### Material provided
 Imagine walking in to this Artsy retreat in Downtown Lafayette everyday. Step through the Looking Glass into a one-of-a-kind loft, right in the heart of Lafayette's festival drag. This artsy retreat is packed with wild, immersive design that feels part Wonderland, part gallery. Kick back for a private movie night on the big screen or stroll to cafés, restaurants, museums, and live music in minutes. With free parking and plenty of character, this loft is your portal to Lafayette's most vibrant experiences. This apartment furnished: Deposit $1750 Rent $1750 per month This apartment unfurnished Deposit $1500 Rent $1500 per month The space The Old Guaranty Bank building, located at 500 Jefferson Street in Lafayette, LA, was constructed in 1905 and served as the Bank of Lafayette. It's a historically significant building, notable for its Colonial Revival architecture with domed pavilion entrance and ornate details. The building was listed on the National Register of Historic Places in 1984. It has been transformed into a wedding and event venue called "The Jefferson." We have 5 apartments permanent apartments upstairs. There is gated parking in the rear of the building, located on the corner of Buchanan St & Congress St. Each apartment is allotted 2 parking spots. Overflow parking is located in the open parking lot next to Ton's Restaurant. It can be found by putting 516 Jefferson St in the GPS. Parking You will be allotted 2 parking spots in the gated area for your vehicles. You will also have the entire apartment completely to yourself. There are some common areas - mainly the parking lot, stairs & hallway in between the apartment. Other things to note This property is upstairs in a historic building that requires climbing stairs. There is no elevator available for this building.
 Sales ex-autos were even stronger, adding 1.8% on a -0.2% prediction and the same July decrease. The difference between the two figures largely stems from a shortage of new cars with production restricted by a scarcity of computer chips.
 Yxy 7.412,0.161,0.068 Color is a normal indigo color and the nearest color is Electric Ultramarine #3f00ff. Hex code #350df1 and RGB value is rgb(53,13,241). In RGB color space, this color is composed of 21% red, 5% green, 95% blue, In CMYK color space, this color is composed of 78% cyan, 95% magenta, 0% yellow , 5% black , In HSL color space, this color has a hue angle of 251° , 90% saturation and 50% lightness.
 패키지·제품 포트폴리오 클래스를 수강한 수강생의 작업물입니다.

### The task
What this exercise asks for is the data above, retyped exactly.

### Output for this exercise
 Imagine walking in to this Artsy retreat in Downtown Lafayette everyday. Step through the Looking Glass into a one-of-a-kind loft, right in the heart of Lafayette's festival drag. This artsy retreat is packed with wild, immersive design that feels part Wonderland, part gallery. Kick back for a private movie night on the big screen or stroll to cafés, restaurants, museums, and live music in minutes. With free parking and plenty of character, this loft is your portal to Lafayette's most vibrant experiences. This apartment furnished: Deposit $1750 Rent $1750 per month This apartment unfurnished Deposit $1500 Rent $1500 per month The space The Old Guaranty Bank building, located at 500 Jefferson Street in Lafayette, LA, was constructed in 1905 and served as the Bank of Lafayette. It's a historically significant building, notable for its Colonial Revival architecture with domed pavilion entrance and ornate details. The building was listed on the National Register of Historic Places in 1984. It has been transformed into a wedding and event venue called "The Jefferson." We have 5 apartments permanent apartments upstairs. There is gated parking in the rear of the building, located on the corner of Buchanan St & Congress St. Each apartment is allotted 2 parking spots. Overflow parking is located in the open parking lot next to Ton's Restaurant. It can be found by putting 516 Jefferson St in the GPS. Parking You will be allotted 2 parking spots in the gated area for your vehicles. You will also have the entire apartment completely to yourself. There are some common areas - mainly the parking lot, stairs & hallway in between the apartment. Other things to note This property is upstairs in a historic building that requires climbing stairs. There is no elevator available for this building.
 Sales ex-autos were even stronger, adding 1.8% on a -0.2% prediction and the same July decrease. The difference between the two figures largely stems from a shortage of new cars with production restricted by a scarcity of computer chips.
 Yxy 7.412,0.161,0.068 Color is a normal indigo color and the nearest color is Electric Ultramarine #3f00ff. Hex code #350df1 and RGB value is rgb(53,13,241). In RGB color space, this color is composed of 21% red, 5% green, 95% blue, In CMYK color space, this color is composed of 78% cyan, 95% magenta, 0% yellow , 5% black , In HSL color space, this color has a hue angle of 251° , 90% saturation and 50% lightness.
 패키지·제품 포트폴리오 클래스를 수강한 수강생의 작업물입니다.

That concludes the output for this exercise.